4.3.1 Organisasi Masyarakat
Rancangan pembangunan masyarakat desa sejak lama ditengarai tidak dilandasi kebutuhan dasar dan kearifan lokal. Bahkan ada kecenderungan untuk menyeragamkan dan mengabaikan potensi besar yang dimiliki masyarakat di desa seperti semangat kesetiakawanan, gotong royong, dan kesukarelaan. Sebagai upaya untuk pengentasan kemiskinan di kawasan pedesaan, Japan International Cooperation Agency (JICA) mendorong sebuah sistem untuk mendukung pembangunan desa di Kabupaten Takalar, bekerjasama dengan Pemerintah Daerah Kabupaten Takalar, Provinsi Sulawesi Selatan. Dukungan JICA ini dimulai dari Maret 1997 dan berakhir Februari 2002.
Merasakan manfaat dari Sistem Dukungan Terpadu Pembangunan di Desa (Sisduk), Pemerintah Daerah Kabupaten Takalar mereplikasi model ini ke seluruh desa/kelurahan di wilayahnya. Sejumlah Peraturan Daerah dan Keputusan Bupati telah dikeluarkan sebagai bukti keseriusan Kabupaten Takalar menerapkan model ini dalam program penanggulangan kemiskinan di pedesaan.

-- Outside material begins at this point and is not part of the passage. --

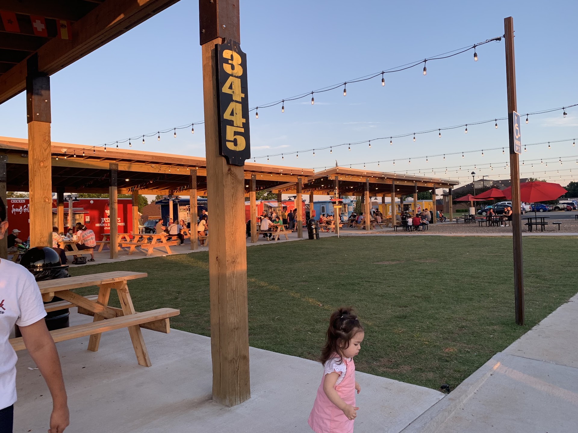 Read moreNice location with multiple food trucks. Whatever your cuisine, you can find something to eat here. It looks like they normally have seven or eight trucks with cuisine from Mexico, Asia, American. But, don't think because it's a food truck it must be really good. We tried the pupusas and my wife loved them. Thought they were one of the best she's ever had. I had a hamburger that was overcooked but fortunately had good flavor in the meat. It's nice that they have covered areas and picnic benches during the hot sun. It made it bearable but wish they had some type of ceiling fans that would help move the air. One thing that is missing...

Ada tiga asas yang hendak dicapai oleh program Sisduk ini yaitu mendorong kegiatan pembangunan desa yang partisipatif melalui metode pendampingan yang sesuai dengan karakteristik masyarakat di tiap desa; mendorong perencanaan dan penganggaran yang partisipatif guna membuka ruang bagi masyarakat dalam mengatasi kemiskinan dan menyusun strategi pembangunan bersama sesuai situasi dan kondisi setempat.

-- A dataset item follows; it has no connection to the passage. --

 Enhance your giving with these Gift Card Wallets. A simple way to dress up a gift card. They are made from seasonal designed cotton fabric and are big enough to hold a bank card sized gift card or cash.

Potensi masyarakat desa yang terabaikan merupakan topik penting dalam mengatasi kemiskinan. Kesalahan dalam menilai potensi masyarakat desa seringkali mendorong mereka ke dalam jurang kemiskinan ketimbang mengeluarkan mereka dari belenggu kemiskinan.
Sistem Dukungan Terpadu memberi jawaban yang lebih konkrit dan membuka ruang bagi masyarakat desa untuk berinisiatif melaksanakan kegiatan bersama dengan memobilisasi dan menggunakan sumberdaya yang ada tanpa menunggu persetujuan dari pemerintah daerah dalam memenuhi kebutuhan masyarakat desa. Setidaknya, pelaksanaan program ini yang didorong oleh JICA selama lima tahun telah mengatasi kendala tidak efektifnya program penanggulangan kemiskinan di desa yakni kurangnya transparan dan ketidakadilan dalam proses evaluasi kebutuhan dan perencanaan anggaran pembangunan desa.
Sistem Dukungan Terpadu menargetkan pelembagaan sistem administrasi daerah untuk menanggulangi kemiskinan di desa, dengan menyediakan pelayanan sanitasi, kesehatan, kesejahteraan, dan usaha rakyat dengan mengajak partisipasi aktif masyarakat desa. Masyarakat secara berkelompok menyusun rencana kegiatan dengan didampingi fasilitator dan melalui serangkaian pemeriksaan (verifikasi) oleh Tim Asistensi Kecamatan agar dapat menyusun rencana yang mudah (realistis), jelas, dan berskala kecil untuk diimplementasikan di tingkat desa.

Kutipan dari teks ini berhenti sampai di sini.